**About this exercise:** Everything below from the line with "- 靈活性高:可升降功能使其" through the line with "Angeliebe エンジェリーベ マタニティ" should be copied exactly, and nothing else; leave out the pictures.

**Exercise materials:**
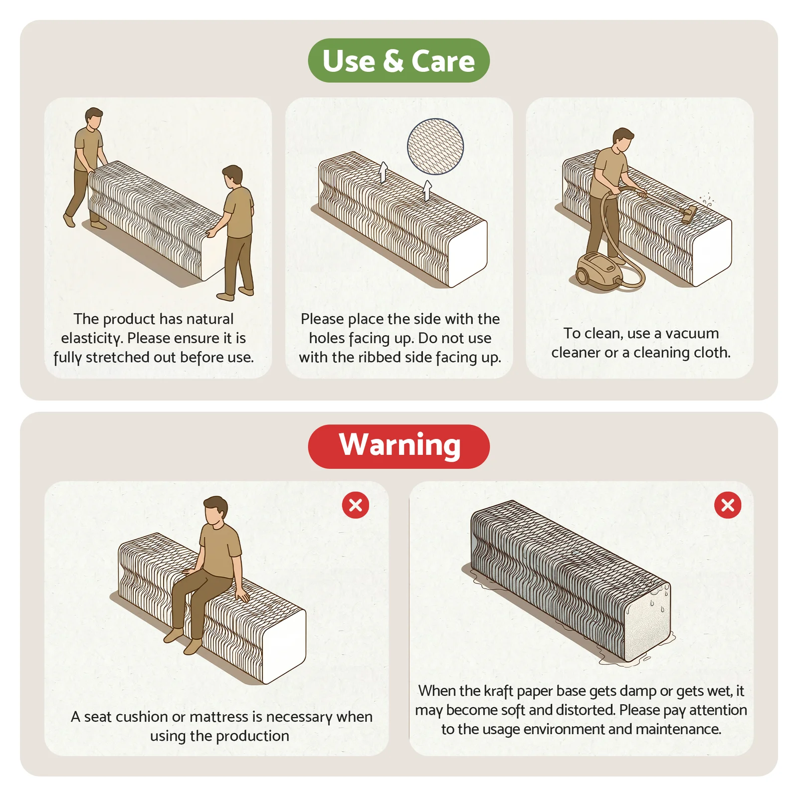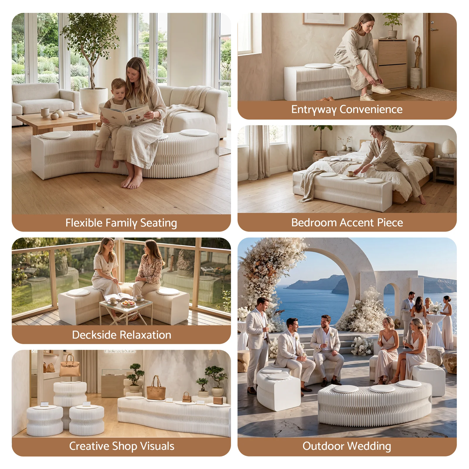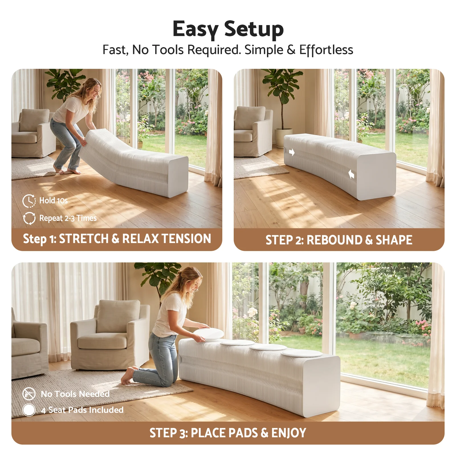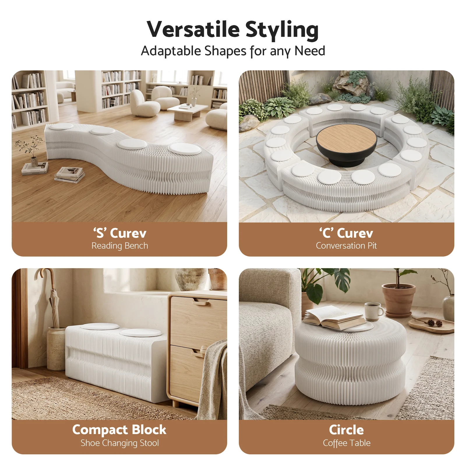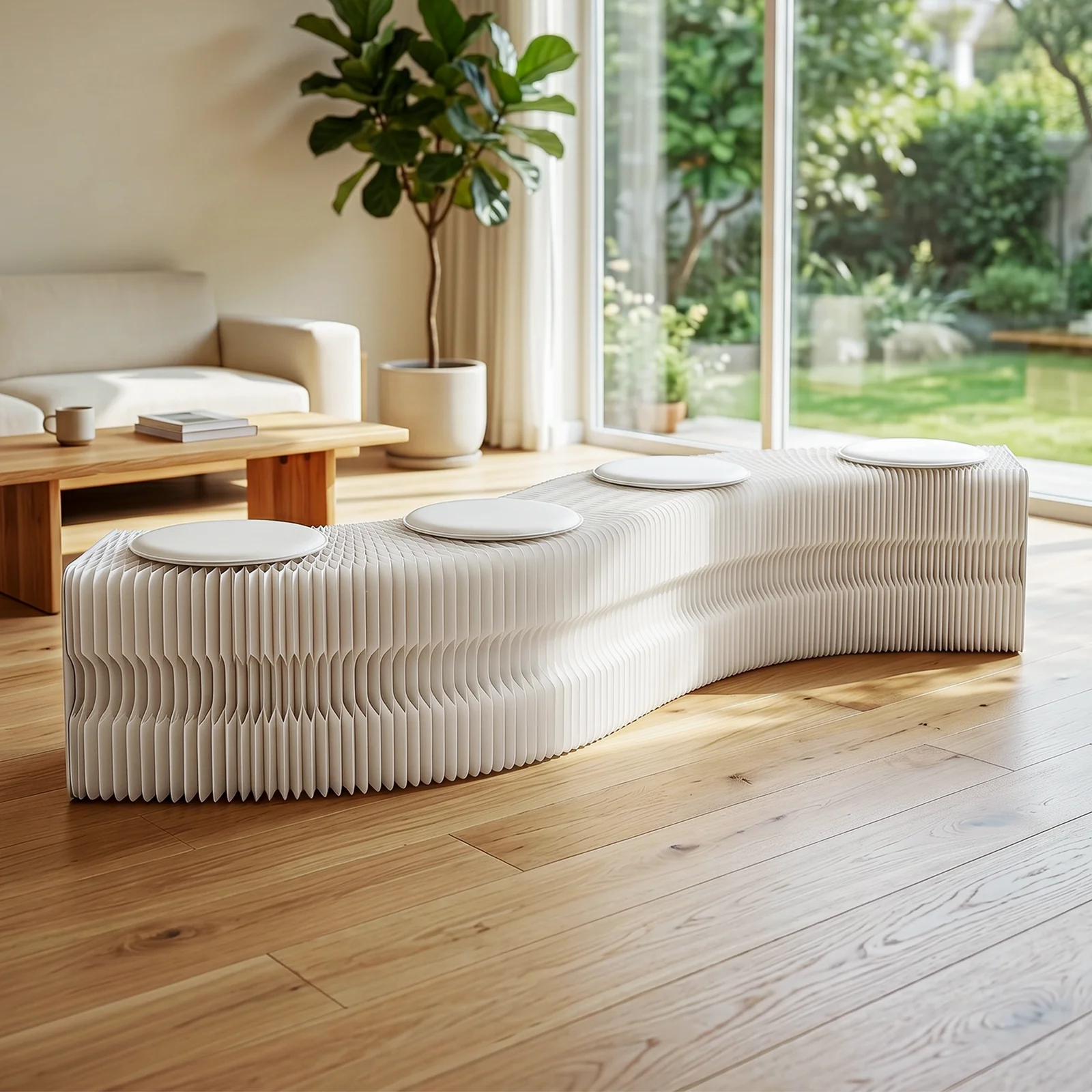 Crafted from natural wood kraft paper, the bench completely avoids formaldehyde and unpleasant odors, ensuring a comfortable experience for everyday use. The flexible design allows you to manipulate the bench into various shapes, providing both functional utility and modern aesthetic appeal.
---
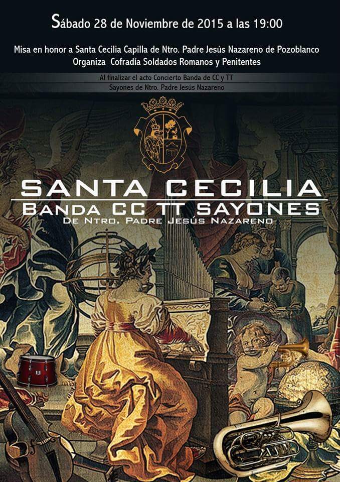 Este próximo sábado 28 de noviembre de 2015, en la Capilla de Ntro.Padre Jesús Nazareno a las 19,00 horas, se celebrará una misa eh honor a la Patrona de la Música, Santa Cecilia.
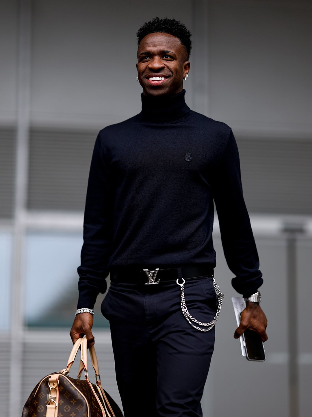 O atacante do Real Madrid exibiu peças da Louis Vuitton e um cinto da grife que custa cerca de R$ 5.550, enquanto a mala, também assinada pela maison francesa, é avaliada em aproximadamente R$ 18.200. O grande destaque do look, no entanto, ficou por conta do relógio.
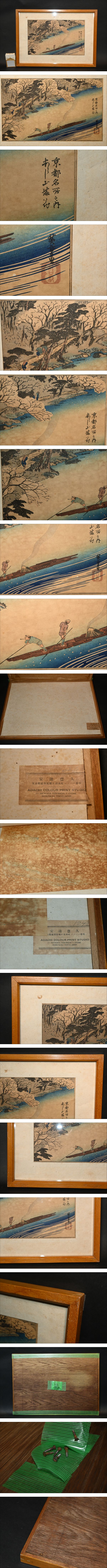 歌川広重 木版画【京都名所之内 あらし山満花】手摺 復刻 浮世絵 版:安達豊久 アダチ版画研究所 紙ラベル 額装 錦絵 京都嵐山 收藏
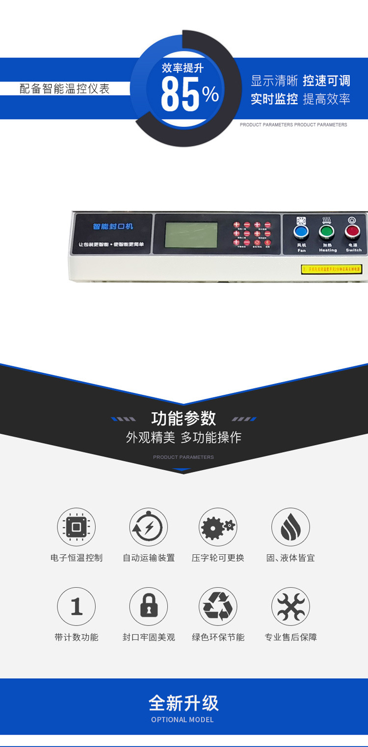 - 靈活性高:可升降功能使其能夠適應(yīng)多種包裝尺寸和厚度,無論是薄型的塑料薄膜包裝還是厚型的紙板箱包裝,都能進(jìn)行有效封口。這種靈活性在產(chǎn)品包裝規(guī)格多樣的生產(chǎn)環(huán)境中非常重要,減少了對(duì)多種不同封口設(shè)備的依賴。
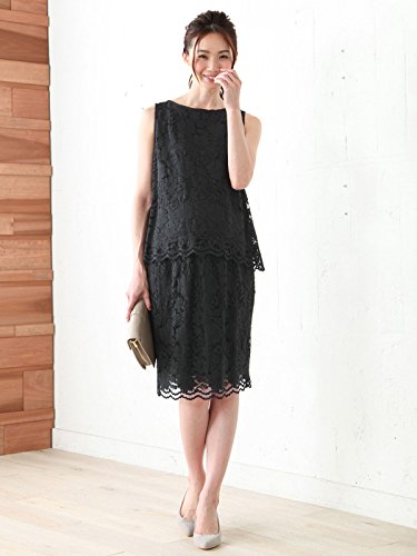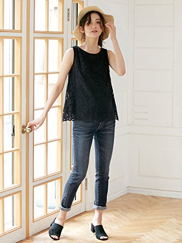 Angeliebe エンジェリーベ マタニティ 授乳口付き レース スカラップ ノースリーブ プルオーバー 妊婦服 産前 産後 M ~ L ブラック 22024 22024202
* * *
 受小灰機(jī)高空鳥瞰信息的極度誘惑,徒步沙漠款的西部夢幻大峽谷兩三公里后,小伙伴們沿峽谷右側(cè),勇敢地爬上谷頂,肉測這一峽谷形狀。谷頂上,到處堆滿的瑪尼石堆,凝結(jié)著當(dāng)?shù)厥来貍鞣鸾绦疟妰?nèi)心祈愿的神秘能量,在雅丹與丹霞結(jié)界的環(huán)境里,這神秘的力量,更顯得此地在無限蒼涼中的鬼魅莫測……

**Exercise output:**
 - 靈活性高:可升降功能使其能夠適應(yīng)多種包裝尺寸和厚度,無論是薄型的塑料薄膜包裝還是厚型的紙板箱包裝,都能進(jìn)行有效封口。這種靈活性在產(chǎn)品包裝規(guī)格多樣的生產(chǎn)環(huán)境中非常重要,減少了對(duì)多種不同封口設(shè)備的依賴。
 Angeliebe エンジェリーベ マタニティ 授乳口付き レース スカラップ ノースリーブ プルオーバー 妊婦服 産前 産後 M ~ L ブラック 22024 22024202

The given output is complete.